I'm so glad to be able to join a C-b-C discussion *before* the halfway point in the book is reached

I'll try to respond to Esty's introductory post without boring anyone here who has already read my comments about TH on other threads. I've just realized one interesting thing: I read the book for myself for the first time after I read LOTR! My first time through the book was having it read to me in school, which was enjoyable, but the emphasis was not the same as when I read it myself.

TH was my introduction to Middle Earth: Everything I have come to love about Tolkien's writing I owe to this book, for it showed me my first glimpses of Dwarves, Rivendell, Elrond, Gondolin, the Ring, wizards, Elves, goblins and dragons. For that reason alone, I have continued to read it once every couple of years in hommage to the Middle Earth vistas it has led me to. Certainly it is lighter and yes, a bit sillier than the rest of the Legendarium, but for me that is a pleasant break from some of the heavier subjects JRRT wrote about. I do understand that not everyone finds this appealing, but then my family and I are a silly people.

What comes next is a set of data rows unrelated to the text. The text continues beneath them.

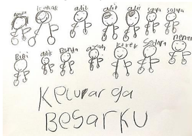
Gambar 3. Gambar Anak G-2 oleh Subyek C-2

Pada gambar G-1 yang digambarkan oleh subyek C-1, tampak 6 sosok anggota keluarga di dalamnya. Seluruh anggota keluarga tersebut digambarkan berjenis kelamin perempuan yang tidak memiliki tangan. Setiap sosok tersebut juga digambarkan memiliki rambut panjang lurus dan tegas. C-1 tidak menyertakan sosok anggota keluarga laki-laki di dalam gambarnya, seperti menyertakan sosok ibu tetapi sosok ayah tidak, menyertakan sosok nenek namun kakek tidak, dan menyertakan bibi namun paman tidak. C-1 mengaku lupa dan tidak terpikirkan untuk menggambarkan sosok anggota keluarga laki-laki di dalam gambarnya.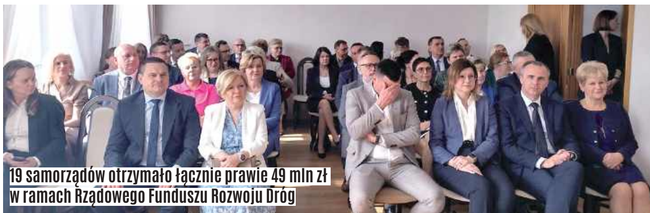
19 samorządów otrzymało łącznie prawie 49 mln zł w ramach Rządowego Funduszu Rozwoju Dróg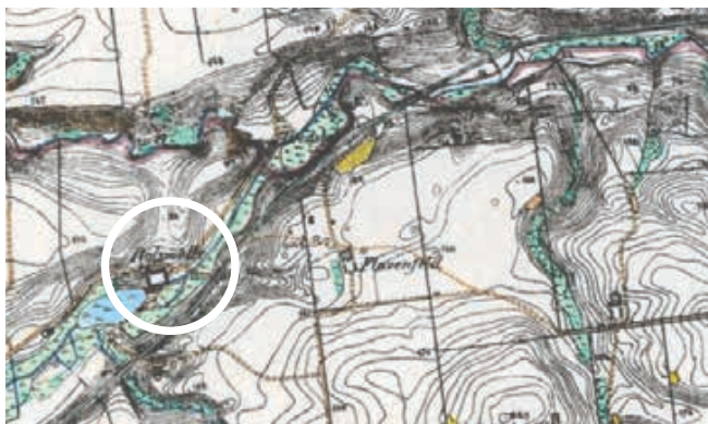
Henrettelsen fandt sted på en statsejet grund ved Rols mølle på Hvolbøl Mark i Lejrskov Sogn.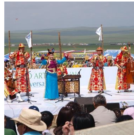
Төрийн үйлчилгээний албан хаагч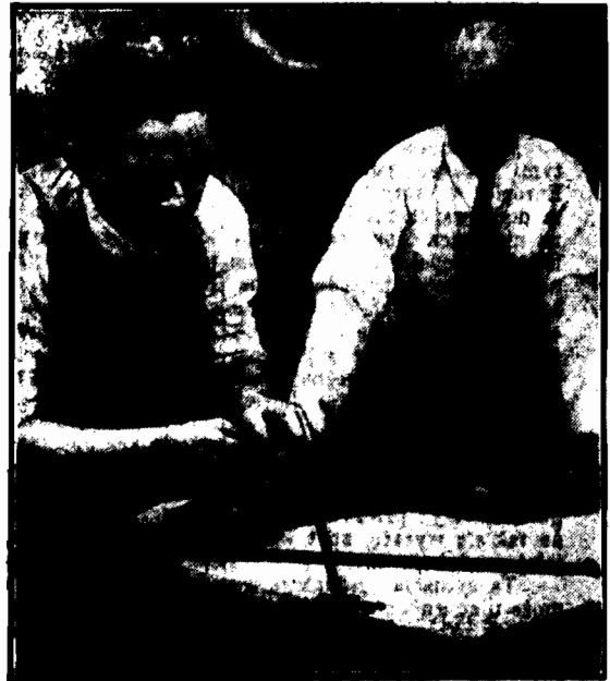
z zębów jadowitego weża, w brazylijskim laboratorium doświadczalnym przy pomocy specjalnego przyrządu.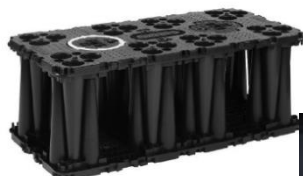
Figure 3 Extra strong configuration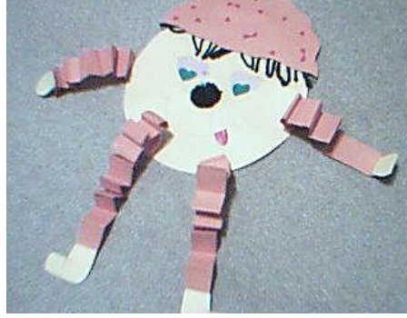
Resim 2.6: Kâğıt çalışması

oynamaktan hoşlanırlar. Çeşitli boy, renk ve cinsteki kâğıtlar bu çalışma için kullanılabilir. Elişi kâğıdı, teksir kâğıdı, kalın paket kâğıtları, grapon, karton, renkli fon kartonları, eski gazete ve dergi sayfaları, tuvalet kâğıdı, kese kâğıtları, takvim ve afiş kâğıtlarının renkli yüzeyleri ve resim kâğıtları kullanılabilir.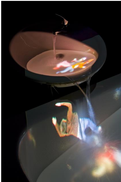
Caudal, Daniel Canogar, 2011. ©Studio Daniel Canogar. Fuente: Studio Daniel Canogar.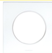
Plaque Aurigny 2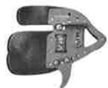
Soma Tab 495,-

Egertec matter er de beste alternativet når det gjelder holdbarhet, effektivitet og økonomi.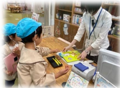
絵本を借りたり返却したりする体験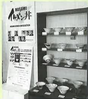
▲麺もご飯もOK『イケメン丼』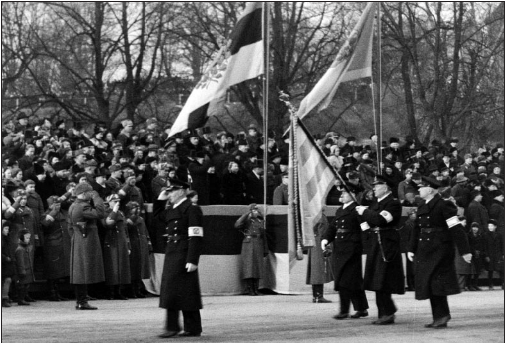
Eesti Vabariigi 21. aastapäevale pühendatud sõjaväeparaad Vabaduse väljakul 1939. a. Kaader ringvaatest, arhivaal 262. EFA 0-130442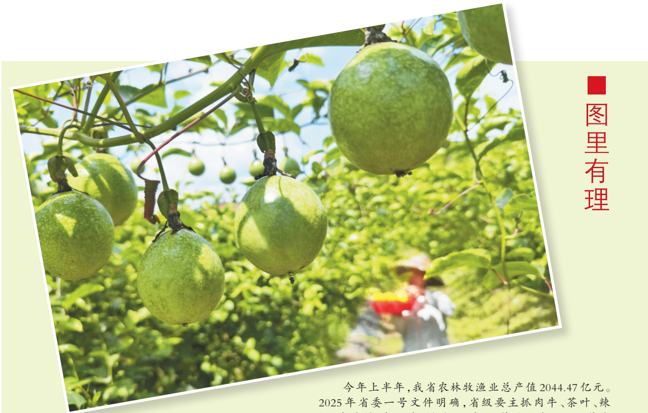
▲黔东南州榕江县寨章百香果种植基地，村民在采摘百香果。

与此同时，贵州立足群众精神文化需求，以公共文化服务设施补短板 and 数字化服务效能提升为抓手优化城乡公共文化服务，建立优质公共文化服务资源直达基层机制，不断丰富基层文化生活。 在黔东南州台江县，“村BA”火热举行。“多一场球赛，少一桌麻将”，台江以“村BA”为抓手优化乡村文化服务，在不断满足群众体育运动和精神文化生活需要的同时，还涵养了文明新风。与“村BA”逻辑一致的“村超”“村T”“村晚”“村马”等“村”字头文体活动纷纷涌现。为推进文明创建，习水创作了音乐快板《做文明有礼习水人》，湄潭兴隆镇龙凤村田家村村民自编自演自唱花灯戏词《十谢共产党》……贵州各族群众通过花灯戏、山歌、剪纸、快板等传统艺术，让社会主义核心价值观以文化服务的形式融入百姓生活，在潜移默化中实现移风易俗。以文化服务为媒，推进文化繁荣与经济发展齐头并进，培育起城乡文明新风的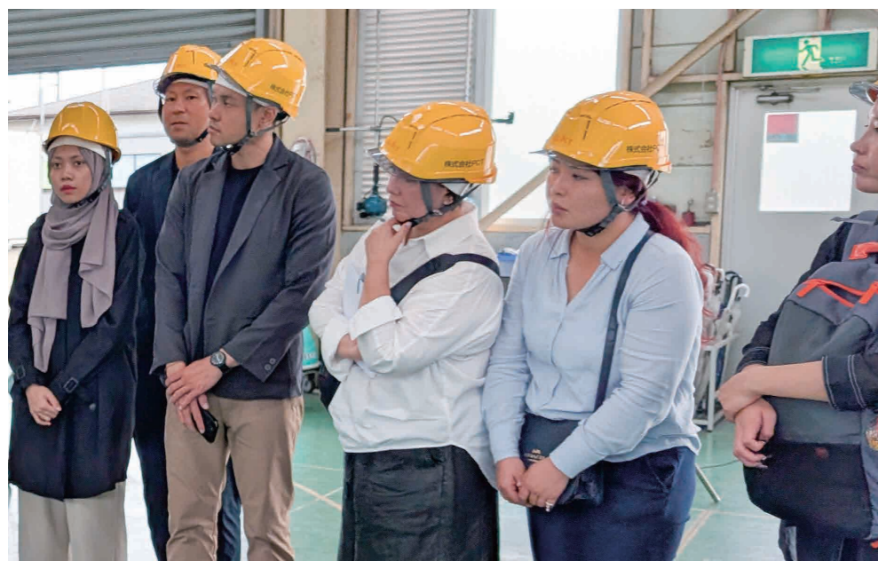
▲ガス溶接技能講習(インドネシア語) 実技を見学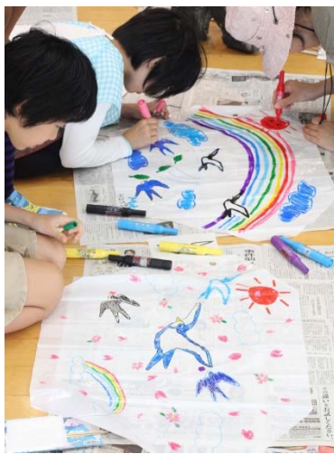
凧には絵柄も書き入れました

I do know that when reading it for myself, Far over the Misty Mountains Cold and its accompanying paragraph is one of my favorite passages in this chapter. I love the strong rythm of the song itself -- in fact I usually chant it out loud just for the pleasure of hearing the words.

Quote:
As they sang the hobbit felt the love of beautiful things made by hands and by cunning and by magic moving through him, a fierce and jealous love, the desire of the hearts of dwarves. Then something Tookish woke up inside him, and he wished to go and see the great mountains, and hear the pine-trees and the waterfalls, and explore the caves, and wear a sword instead of a walking-stick.
The description of Bilbo's response is very interesting: suddenly the idea of passion is introduced into his calm, orderly mind-set -- and he is attracted by it. We see the beginnings of Bilbo's journey here, too. Not just the physical journey to the mountain and back, but the journey away from a safe, settled existence toward danger and knowledge of the world beyond the Shire and Bilbo's awakening to his own hidden abilities.